DATA TO EXAMINE:
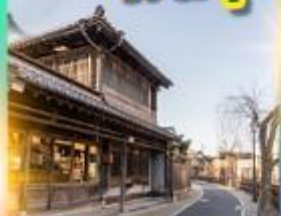
เมืองเก่าซาวาระ
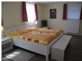
Ein großes Schlafzimmer im UG
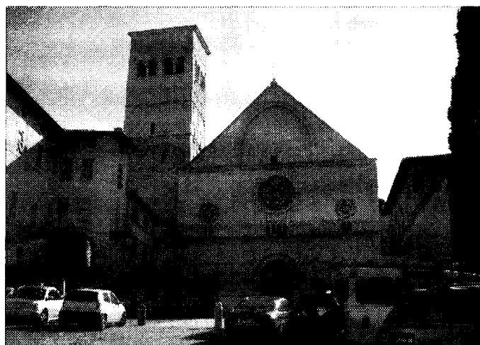
Ristrutturata C'è chi teme che la piazza si possa rovinare

ASSISI - Una lettera recapitata all'ufficio protocollo del Comune di Assisi per chiedere, a chi di competenza che la piazza del sagrato di San Rufino non sia, come troppo spesso accade, un parcheggio a cielo aperto. Firmato, il generale Franco Caldari, già assessore alla polizia municipale che ha deciso di farsi portavoce delle istanze numerosi cittadini che vorrebbero una piazza più vivibile e senza auto. "In molti, spiega Caldari, mi hanno presentato le loro lamentele per il parcheggio indiscriminato che le auto fanno davanti a San Rufino, una piazza che non è solo degli assisani, ma che spesso - grazie anche ad uno dei più bei monumenti romani dell'Italia centrale - attira anche i turisti, che non possono fotografarla degnamente vista la presenza di auto in ogni 'buco' disponibili". A
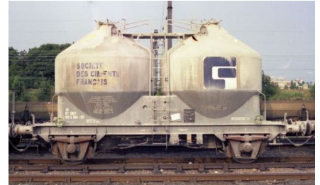
V3 Ciments Français - Epoque IV
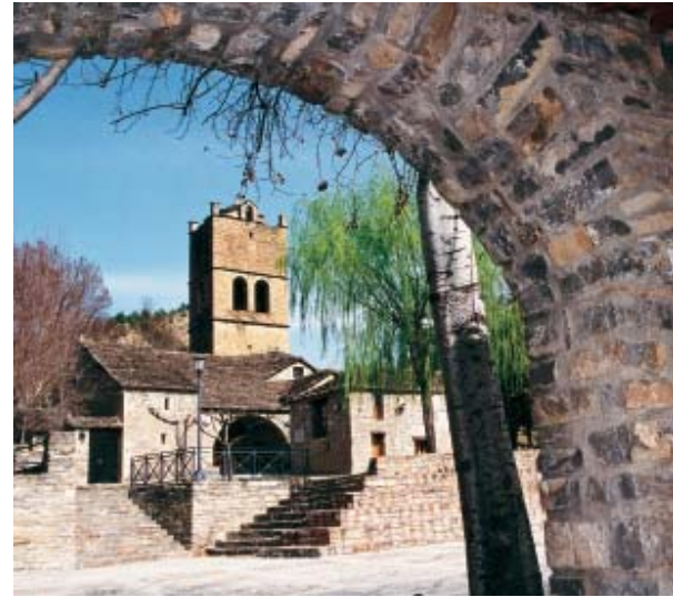
La iglesia de Morillo es hoy un centro social

El objetivo del sindicato era la recuperación integral del pueblo para usos turísticos, sociales y agropecuarios. Y, con ese fin, se pusieron en marcha tres proyectos complementarios: cre-
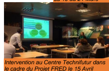
Intervention au Centre Technifutur dans le cadre du Projet FRED le 15 Avril
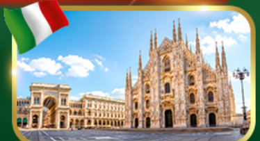
เช็คอิน มหาวิหารดูโอโมแห่งมิลาน
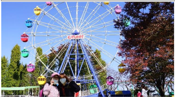
10/31 秋のイベント むさしの村満喫ツアー すばらしい晴天。むさしの村のたくさんの乗り物に乗りました。観覧車もジェットコースターも楽しかったです。
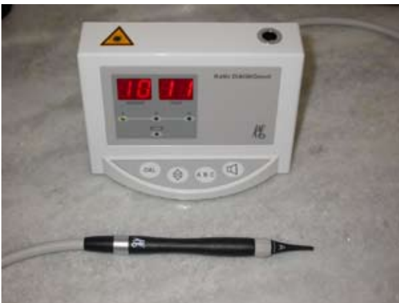
Figura 4 – Diagnodent (Kavo), instrumento utilizado como método auxiliar de diagnóstico.
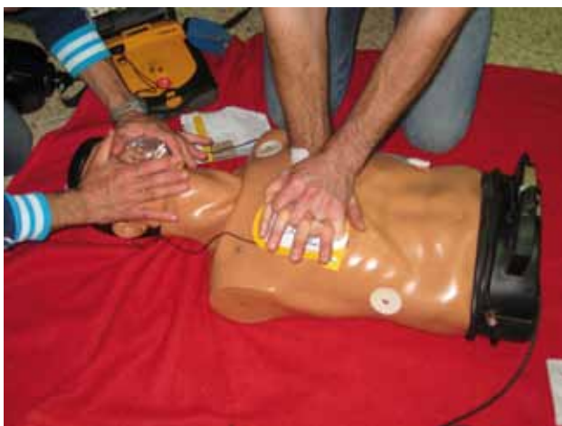
Fotografia de pràctiques en un curs de DEA.

L'any 2010 es van dur a terme 46 cursos de Desfibril·lador Extern Automàtic, formant un total de 362 persones i un total de 58 cursos de reciclatge per a 310 persones que ja disposaven del carnet per a l'ús del Desfibril·lador.

AIM OF THE TASK: Emit the lines of the material exactly, from its first line to the line containing "Ristrutturata C'è chi", inclusive; leave every picture out.

REPLY:
เมืองเก่าซาวาระ
Ein großes Schlafzimmer im UG
Ristrutturata C'è chi teme che la piazza si possa rovinare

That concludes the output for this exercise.